Content strategy · GEO

Stop optimising for keywords. Start optimising for sub-questions

When Google's AI answers a question, it doesn't run one search. It runs several. This "query fan-out" technique — documented by Google itself — fires multiple concurrent sub-queries to pull from different angles of a topic. The catch: roughly 95% of those sub-queries have no traditional search volume. Your keyword tool has never seen them. Your rank tracker can't measure them. And if your content doesn't answer them, you won't appear in the AI response that does.

George, the Baseline Labs mascot, holding a signpost pointing several directions

One query in, many searches out

Google describes query fan-out in its own AI optimisation documentation: "Both AI Overviews and AI Mode may use a 'query fan-out' technique — issuing multiple related searches across subtopics and data sources — to develop a response." The system generates a set of concurrent, related queries and synthesises the results into a single answer.

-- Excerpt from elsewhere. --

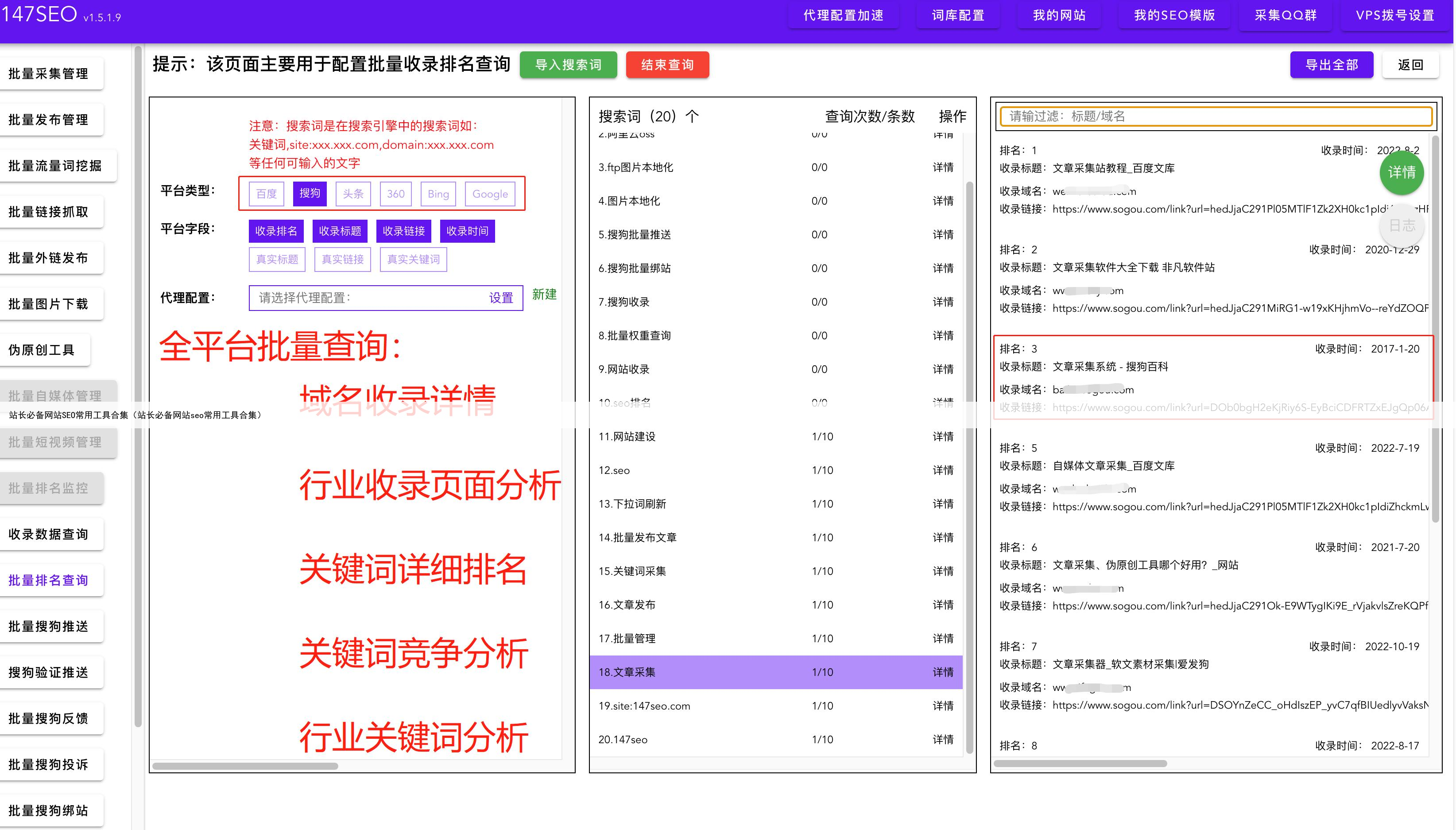 我们也可以使用SEO工具对上述信息进行批量查询,通过批量查询排名情况,收录详情,以及历史数据进行多域名批量查询,

Google's worked example makes the mechanics concrete. A visitor asks how to fix a lawn that's full of weeds. The AI doesn't search for that phrase. Instead it fans out into at least three parallel sub-queries:

Original query Fan-out sub-queries (Google's example)
how to fix a lawn that's full of weeds best herbicides for lawns
remove weeds without chemicals
how to prevent weeds in lawn

Each sub-query retrieves content independently. The AI cites sources that answered sub-queries, not the parent query. If your page only targets the parent phrase, you are competing for a keyword the AI never actually searches.

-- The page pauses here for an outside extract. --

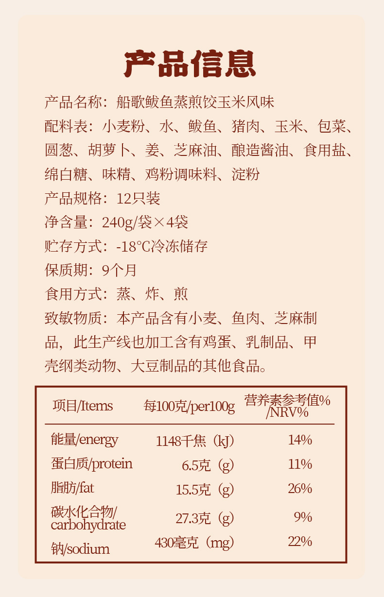 船歌鱼水饺 鲅鱼蒸煎饺礼盒240g*4袋

Keyword tools can't see ~95% of it

Traditional keyword research tools — Ahrefs, Semrush, Google Search Console — aggregate volume from logged searches. Sub-queries generated by AI fan-out are synthetic: they are composed at inference time, not typed by users. Analysis of Ahrefs data by ALM Corp found that approximately 95% of fan-out sub-queries register zero search volume.

~95%
of fan-out sub-queries have zero keyword volume
12
optimised content pieces = the AI-visibility threshold
200×
faster AI visibility gain above that threshold (Conductor, 2026)

The Conductor 2026 AEO/GEO Benchmarks Report — drawn from 13,770 enterprise domains, 3.3 billion sessions, and more than 100 million citations across 17 million AI responses — found a threshold effect: brands that published 12 or more optimised content pieces gained AI visibility 200 times faster than those below that threshold. Not proportionally faster — categorically faster. Content breadth that covers the sub-question space is the mechanism.

Why AI cites sub-question content, not landing pages

Google patents US11663201B2 and US20240289407A1 describe the underlying mechanism: "query variant generation" and thematic sub-query expansion. The system identifies the intent dimensions of a query — causal, procedural, comparative, preventive — and searches for each independently. A landing page that makes a general claim satisfies none of them with specificity. A piece that goes deep on one dimension — say, the chemical-free removal angle — is exactly what the AI needs for that sub-query.

The practical implication: AI retrieval rewards specificity of answer over density of keyword. A page answering "can I remove lawn weeds without herbicides?" in 600 focused words will outperform a 2,000-word piece that mentions weeds, herbicides, and lawn care but answers none of those questions directly.

From topic to sub-question inventory

The workflow is different from keyword research but not complicated. Start with the questions your audience actually has — not the terms they might search — and decompose them by intent dimension.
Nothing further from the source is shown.